START Records for the task
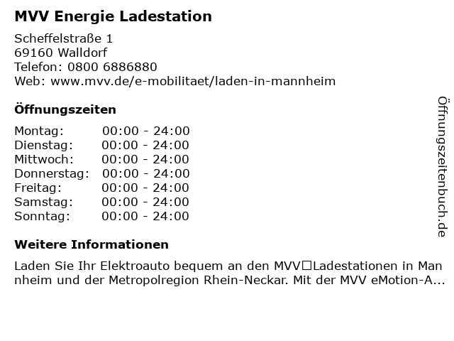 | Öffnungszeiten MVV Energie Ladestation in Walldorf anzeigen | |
END Records for the task
START Records for the task
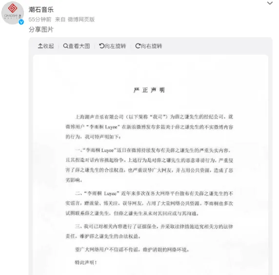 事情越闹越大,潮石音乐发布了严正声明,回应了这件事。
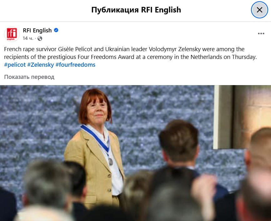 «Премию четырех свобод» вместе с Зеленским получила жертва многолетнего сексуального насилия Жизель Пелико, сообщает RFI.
END Records for the task
Working from the data above, repeat exactly, and only, the lines that begin at the line containing "事情越闹越大,潮石音乐发布了严正声明,回应了这件事。" and stop after the line containing "Пелико, сообщает RFI."; pictures are not copied.

# [Task output]
 事情越闹越大,潮石音乐发布了严正声明,回应了这件事。
 «Премию четырех свобод» вместе с Зеленским получила жертва многолетнего сексуального насилия Жизель Пелико, сообщает RFI.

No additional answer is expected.